For the record, at my employer Growin, we recommend the following steps for upgrading glibc.

1) First identify relevant glibc packages installed on your RHEL/CentOS system

rpm -qa | grep -E "glibc|nscd" | grep -v "compat"

This will return a list of glibc-related packages on your system with the exclusion of compat- packages which don't need to be upgraded. For why compat-glibc doesn't need to be patched, see the Redhat Solutions post Is compat-glibc affected by GHOST, glibc vulnerability CVE-2015-0235? (login required). I quote,

The dynamic libraries provided by the compat-glibc package are not vulnerable because they do not provide runtime code...

2) Although there are more than 16 packages related to glibc that you could install, most probably you don't have glibc-debug* or the glibc-utils packages installed on your system. If these packages did not appear in the results from step 1, do not try to install them (doing so can lead to dependency errors)! Prepare only the updated rpm's that you need for an upgrade in a separate directory and then

rpm -Uvh glibc*

should do the trick. If your system has nscd installed, the above command would become:

rpm -Uvh glibc* nscd*

It is also possible to skip step 1 if you use the rpm -F flag (--freshen), which, according to man rpm:

will upgrade packages, but only ones for which an earlier version is installed

Desktop Linux users of Fedora, CentOS, or other rpm-based distros might wonder why sysadmins go to all the trouble of manually upgrading packages using rpm -Uvh pkgName when they could just do a yum update and upgrade all packages at one go.
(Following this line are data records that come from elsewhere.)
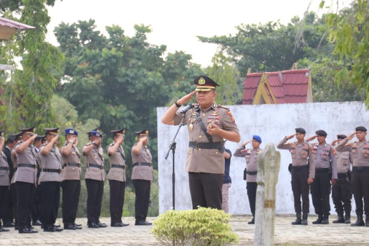 Kapolres Pelalawan, AKBP Suwinto SH SIK selaku Inspektur Upacara didampingi Wakapolres Kompol I Komang Aswatama SH SIK, Kabag Ops Kompol Maison SH, Kabag SDM Kompol Indra Rusdi SH dan PJU.
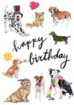 Kleurrijke verjaardagskaart met illustraties van hondjes en de tekst: 'Happy birthday'. Verras de jarige met deze illustratieve verjaardagskaart van Marie Bodie.
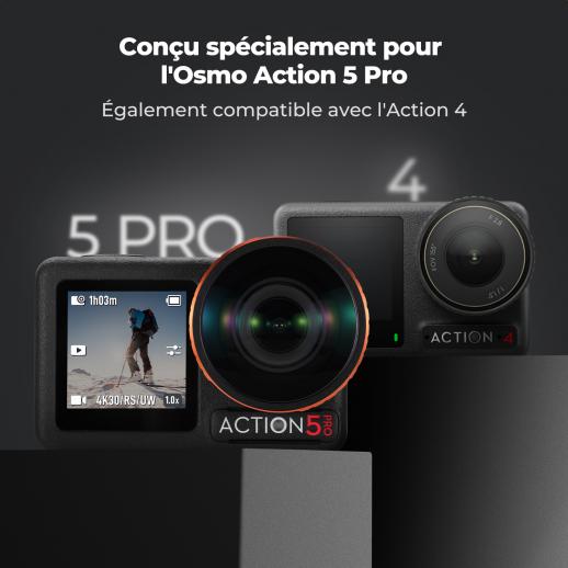 - * [Compatibilité parfaite avec les DJI Osmo Action 5 Pro et Action 4] : Conçu spécifiquement pour les caméras DJI Osmo Action 5 Pro et Action 4. Son système de fixation par filetage sécurisé, identique à celui de l’objectif d’origine, assure une installation stable sans gêner le fonctionnement de la caméra ni l’utilisation de ses accessoires.
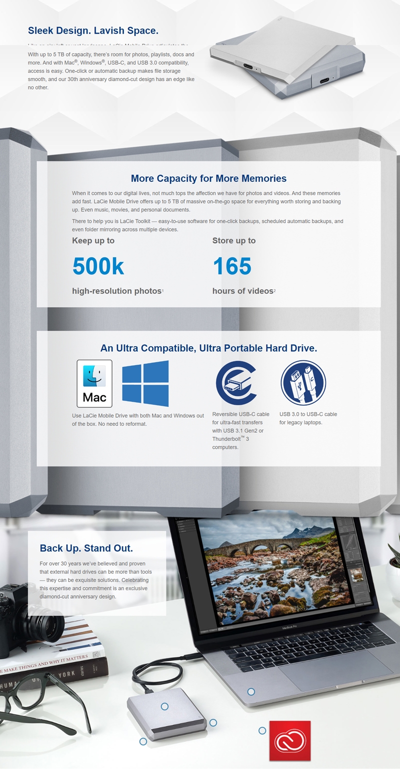 Lacie 2Tb Mobile Drive Usb-C Space Grey Sthg2000402
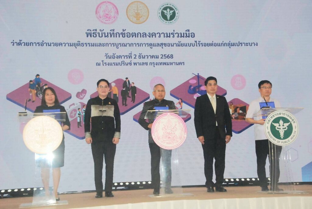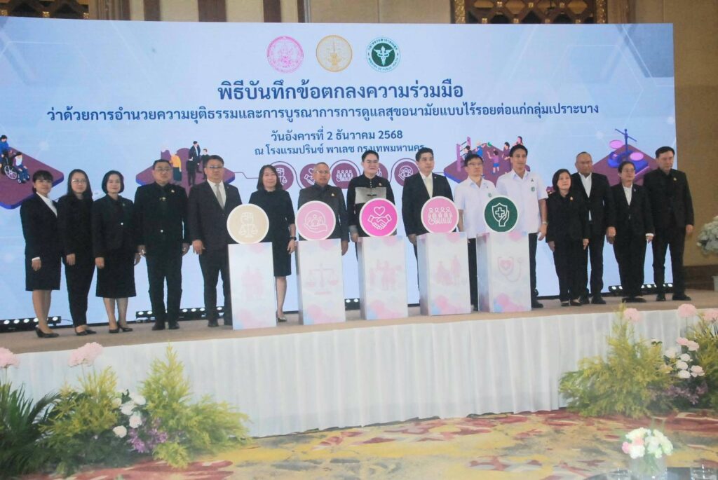 วันที่ 2 ธันวาคม 2568 : นายอัครา พรหมเผ่า รัฐมนตรีว่าการกระทรวงการพัฒนาสังคมและความมั่นคงของมนุษย์ (รมว.พม.) เป็นประธานในพิธีลงนามบันทึกข้อตกลงความร่วมมือ (MOU) ว่าด้วยการอำนวยความยุติธรรมและการบูรณาการการดูแลสุขอนามัยแบบไร้รอยต่อแก่กลุ่มเปราะบาง ระหว่างกระทรวงการพัฒนาสังคมและความมั่นคงของมนุษย์ (พม.) กระทรวงยุติธรรม (ยธ.) และกระทรวงสาธารณสุข (สธ.) พร้อมทั้งเปิดกิจกรรม Kick off การอำนวยความยุติธรรมและการบูรณาการการดูแลสุขอนามัยแบบไร้รอยต่อแก่กลุ่มเปราะบาง โดยมีนายกันตพงศ์ รังษีสว่าง ปลัดกระทรวงการพัฒนาสังคมและความมั่นคงของมนุษย์,นางพงษ์สวาท นีละโยธิน ปลัดกระทรวงยุติธรรม และนายแพทย์โสภณ เอี่ยมศิริถาวร รองปลัดกระทรวงสาธารณสุข ร่วมลงนาม MOU อีกทั้ง นายกองตรี ดร.ธนกฤต จิตรอารีย์รัตน์ เลขานุการรัฐมนตรีว่าการกระทรวงการพัฒนาสังคมและความมั่นคงของมนุษย์ ร่วมเป็นสักขีพยาน พร้อมด้วย นายยอดศักดิ์ รักษาแก้ว ที่ปรึกษารัฐมนตรีว่าการกระทรวงสาธารณสุข,นางสาวสุนีย์ ศรีสง่าตระกูลเลิศ รองปลัดกระทรวงการพัฒนาสังคมและความมั่นคงของมนุษย์ และคณะผู้บริหารกระทรวง พม. ยธ. และ สธ. เข้าร่วมงาน ณ โรงแรมปริ๊นซ์ พาเลซ กรุงเทพมหานคร

There are several good reasons for not using yum update in an enterprise environment. First, some servers are only connected to an internal network. Second, custom applications created by developers may be compiled against a certain version of the C libraries in glibc, so doing a yum update runs the risk of breaking applications. Mainly for the second reason, it is not uncommon to see production servers running really old kernels like 2.6.18 (RHEL 5.X), and I have heard horror stories from coworkers about companies that use even older kernels!